After an eight-year hiatus, Uzeda reformed and recorded Stella (Touch and Go, 2006), another surgical essay in shrill dissonance. Wailing opens the proceedings with cluster bombs of out-of-tune guitar wed to jazzy drumming and a general atmosphere of dementia that grows louder and louder while vocals mutate from childish wailing to desperate screams. Typical of the elastic bass-drums interchange is What I Meant When I Called Your Name, Cacciola's best impersonation of Lydia Lunch and Dagmar Krause. The hallucinated pseudo-blues dynamics of This Heat is as musical as the band gets, in a manner that would make Captain Beefheart proud. The ideal vehicle for Cacciola's delirious vocal excursions is probably something like Time Below Zero, a sparse landscape that turns menacing, intense and eventually explosive. Best guitar workouts are, instead, Gold, a concentrate of psychological tension via noisy indulgence, and Steam, Rain & Other Stuff, a propulsive, cascading layer of distortion on a feeble stream of consciousness. Best balance of dirty guitar acrobatics and senseless vocal gymnastics is perhaps Camillo, the closest thing to a "catchy" song on this album.

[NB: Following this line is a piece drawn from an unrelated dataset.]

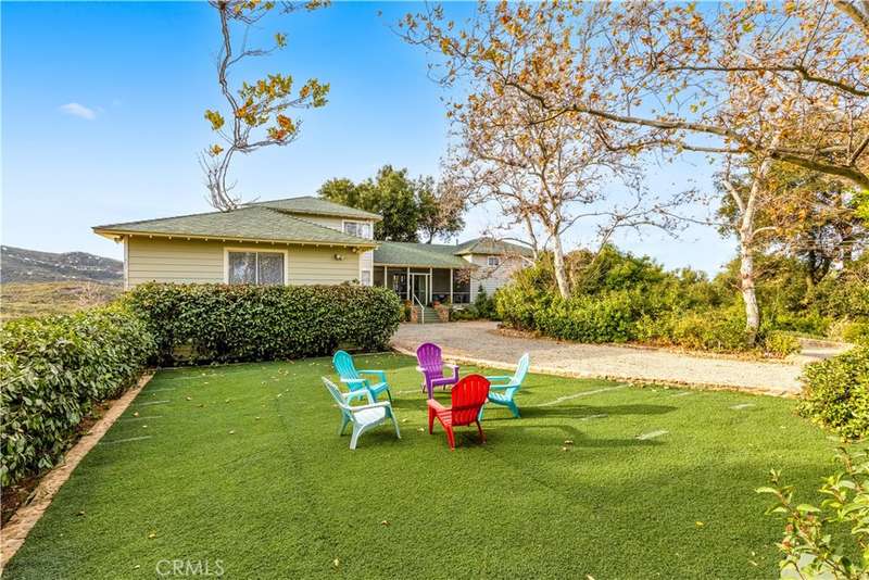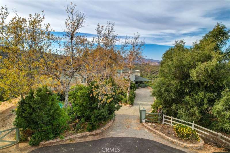 Nestled in the exclusive gated equestrian community of Rancho Capistrano, this stunning 3,900 sq ft custom-built ranch estate sits on a sprawling 2.36-acre street-to-street parcel, offering a seamless blend of luxury, functionality, & natural beauty. Designed, built, & owned by its visionary architect, the home features 5 bedrooms, 5 bathrooms plus office & includes a 1 bed/1 bath "granny flat" with a private entrance & 560 sq ft enclosed porch - ideal for multigenerational living or guests. The thoughtfully designed floor plan provides privacy with separate wings for the primary suite, which boasts sweeping hills and mountain views, & the guest bedrooms. The main level features an all-encompassing great room with a custom stone & rock fireplace plus a convenient bedroom & full bath. An 1,100 sq. ft. enclosed porch wraps the back of the home for ideal entertaining space & showcases a majestic central tree as well as stunning panoramic views of Santiago Peak, San Gorgonio, & San Jacinto mountains. A charming enclosed front porch is the perfect warm welcome to this quintessential county home. Located at the end of a cul-de-sac with a gated entrance & circular driveway, the property also includes a 2-car garage with a workshop/3rd car space & an additional separate drive access leading to a mid-level flat parcel, ideal for a pool and/or an ADU or even horse/small animal space. Further down, the lower-level area is perfect for developing a dedicated equestrian area with space for corrals, a tack room, or feed storage. You'll even find a garden space where you can grow your own fresh organic fruits & veggies for farm-to-table meals. Rancho Capistrano is an intimate community of just 133 homes set on 2+ acre homesteads, & its 3,000' elevation offers cooler temperatures, even an occasional winter snow dusting, & endless outdoor opportunities. Enjoy horseback & hiking trails, a clubhouse with tennis/pickleball, & basketball courts, a natural pond, a playground, & year-round community events. Surrounded by the Cleveland National Forest, the location provides a peaceful haven with convenient access to the Orange County coastline (35 min), Lake Elsinore (15 min), local ski resorts, & Temecula wine country, combining all of the best equestrian, outdoor, & luxury living. With low HOA dues & a rare combination of privacy, views, & endless potential, this ranch is a once-in-a-lifetime opportunity - your best life starts here! CAN BE SOLD FURNISHED OR UNFURNISHED.

Despite the cacophonous premises, there is a sort of classical mastery in the way the band pens perfectly impossible harmonies. The limit of this music is the song format: it sounds contradictory that one detonates the song format only to replace it with a format of the same duration and the same scope.

Bellini released Small Stones (Temporary Residence, 2005), The Precious Prize Of Gravity (Temporary Residence, 2009) and Before the Day has Gone (2018), both produced by Steve Albini.

After a long hiatus, Bellini returned with Before The Day Has Gone (Temporary, 2018).